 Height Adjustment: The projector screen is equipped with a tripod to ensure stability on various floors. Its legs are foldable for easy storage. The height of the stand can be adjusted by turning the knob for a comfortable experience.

------------------------------------------------

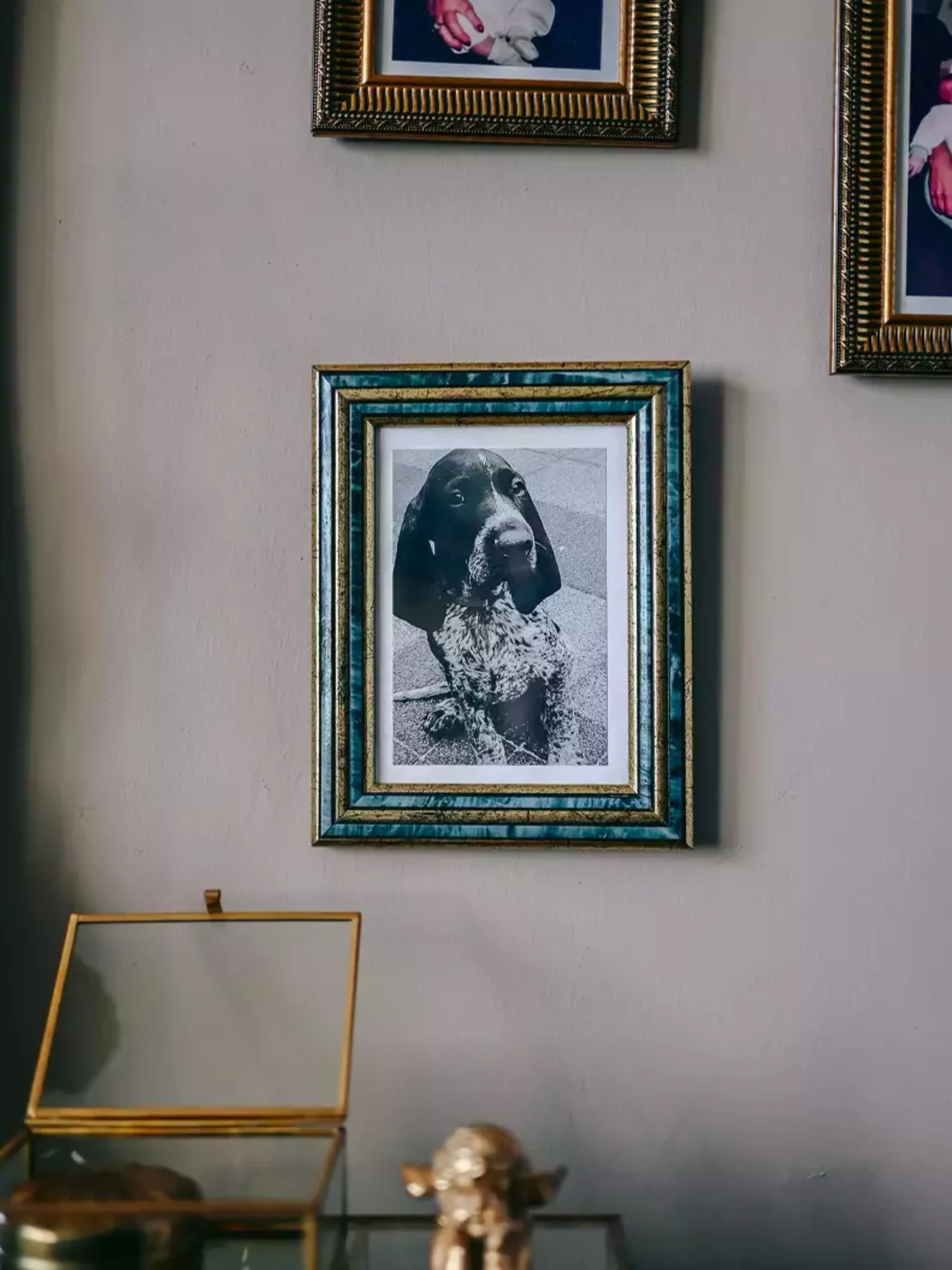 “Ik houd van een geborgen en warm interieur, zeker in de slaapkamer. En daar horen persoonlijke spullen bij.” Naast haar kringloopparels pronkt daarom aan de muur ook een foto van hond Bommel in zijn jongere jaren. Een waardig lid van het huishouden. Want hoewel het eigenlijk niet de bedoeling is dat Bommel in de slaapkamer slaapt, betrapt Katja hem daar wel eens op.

------------------------------------------------

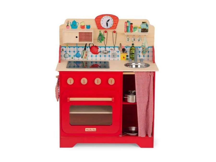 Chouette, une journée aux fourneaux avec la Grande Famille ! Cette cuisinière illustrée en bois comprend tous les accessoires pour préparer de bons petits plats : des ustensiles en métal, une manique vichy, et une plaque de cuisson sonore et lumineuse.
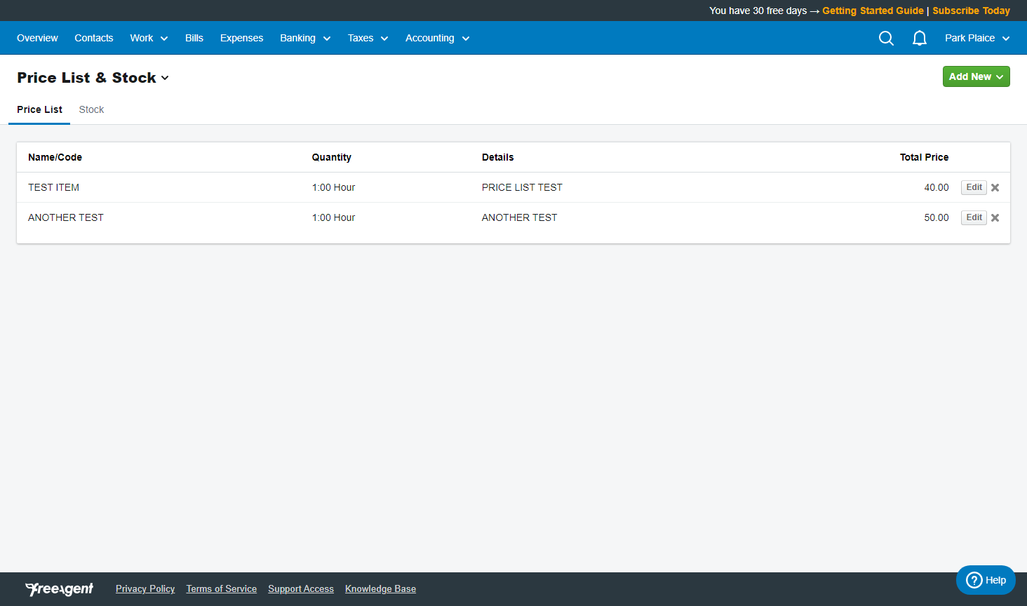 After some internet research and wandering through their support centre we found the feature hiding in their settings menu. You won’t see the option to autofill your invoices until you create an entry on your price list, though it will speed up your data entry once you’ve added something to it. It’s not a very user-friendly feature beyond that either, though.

------------------------------------------------

Your goal: Exact copy, pictures excluded: from the line with "Chouette, une journée" up to and including the line with "After some internet" in the data above.

Result of the exercise:
 Chouette, une journée aux fourneaux avec la Grande Famille ! Cette cuisinière illustrée en bois comprend tous les accessoires pour préparer de bons petits plats : des ustensiles en métal, une manique vichy, et une plaque de cuisson sonore et lumineuse.
 After some internet research and wandering through their support centre we found the feature hiding in their settings menu. You won’t see the option to autofill your invoices until you create an entry on your price list, though it will speed up your data entry once you’ve added something to it. It’s not a very user-friendly feature beyond that either, though.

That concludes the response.